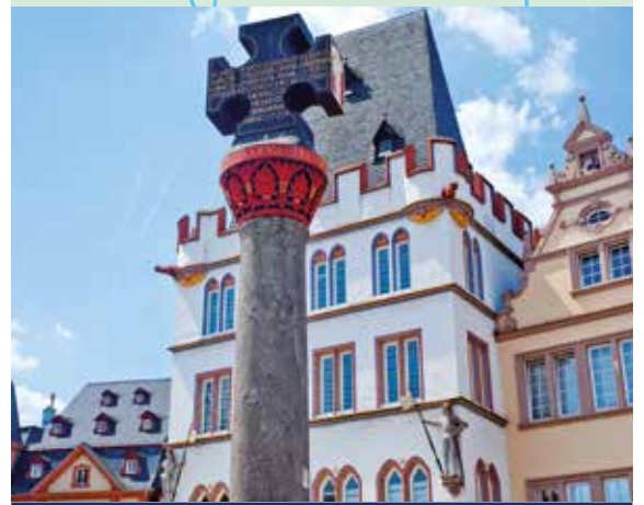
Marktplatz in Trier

---

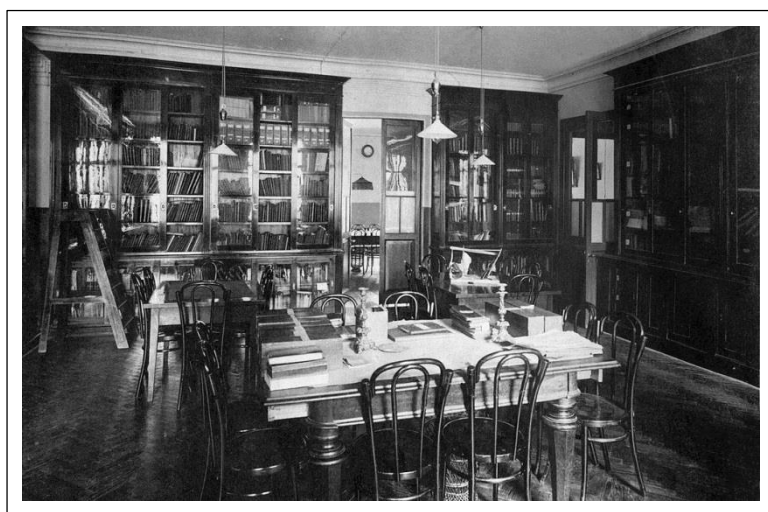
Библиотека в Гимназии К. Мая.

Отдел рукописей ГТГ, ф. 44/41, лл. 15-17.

...

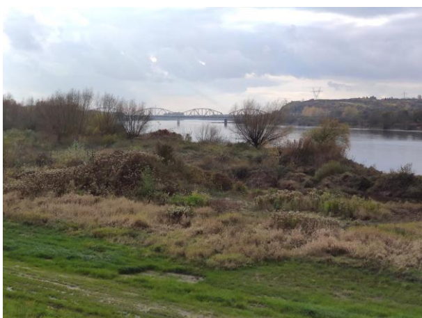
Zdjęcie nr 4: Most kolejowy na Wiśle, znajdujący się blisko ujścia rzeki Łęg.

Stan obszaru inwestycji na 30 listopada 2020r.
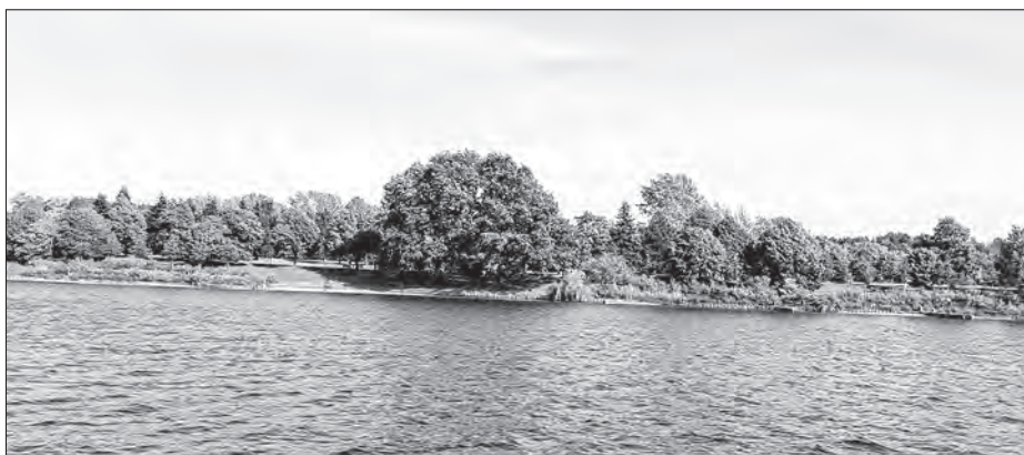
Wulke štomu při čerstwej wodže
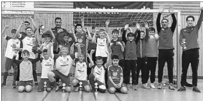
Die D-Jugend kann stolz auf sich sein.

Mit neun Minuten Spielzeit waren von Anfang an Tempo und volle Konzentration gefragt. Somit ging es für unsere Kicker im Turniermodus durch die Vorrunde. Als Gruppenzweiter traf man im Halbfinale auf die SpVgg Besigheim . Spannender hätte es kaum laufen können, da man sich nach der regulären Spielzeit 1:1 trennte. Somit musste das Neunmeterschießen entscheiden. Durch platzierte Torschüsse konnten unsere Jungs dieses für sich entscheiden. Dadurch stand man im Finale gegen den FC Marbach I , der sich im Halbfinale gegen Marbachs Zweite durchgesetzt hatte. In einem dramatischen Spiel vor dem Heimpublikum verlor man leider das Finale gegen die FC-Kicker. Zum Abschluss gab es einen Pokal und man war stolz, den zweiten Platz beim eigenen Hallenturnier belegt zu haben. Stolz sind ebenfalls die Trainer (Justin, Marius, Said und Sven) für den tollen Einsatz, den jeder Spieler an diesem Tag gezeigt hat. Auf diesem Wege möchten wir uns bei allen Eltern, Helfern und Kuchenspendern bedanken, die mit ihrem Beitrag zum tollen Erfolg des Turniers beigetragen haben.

**Work required:**
All lines above starting at the one with "Wulke štomu při čerstwej wodže" and ending at the one with "Mit neun Minuten", inclusive, are to be printed again exactly, with the pictures left out.

**Answer below:**
Wulke štomu při čerstwej wodže
Die D-Jugend kann stolz auf sich sein.

Mit neun Minuten Spielzeit waren von Anfang an Tempo und volle Konzentration gefragt. Somit ging es für unsere Kicker im Turniermodus durch die Vorrunde. Als Gruppenzweiter traf man im Halbfinale auf die SpVgg Besigheim . Spannender hätte es kaum laufen können, da man sich nach der regulären Spielzeit 1:1 trennte. Somit musste das Neunmeterschießen entscheiden. Durch platzierte Torschüsse konnten unsere Jungs dieses für sich entscheiden. Dadurch stand man im Finale gegen den FC Marbach I , der sich im Halbfinale gegen Marbachs Zweite durchgesetzt hatte. In einem dramatischen Spiel vor dem Heimpublikum verlor man leider das Finale gegen die FC-Kicker. Zum Abschluss gab es einen Pokal und man war stolz, den zweiten Platz beim eigenen Hallenturnier belegt zu haben. Stolz sind ebenfalls die Trainer (Justin, Marius, Said und Sven) für den tollen Einsatz, den jeder Spieler an diesem Tag gezeigt hat. Auf diesem Wege möchten wir uns bei allen Eltern, Helfern und Kuchenspendern bedanken, die mit ihrem Beitrag zum tollen Erfolg des Turniers beigetragen haben.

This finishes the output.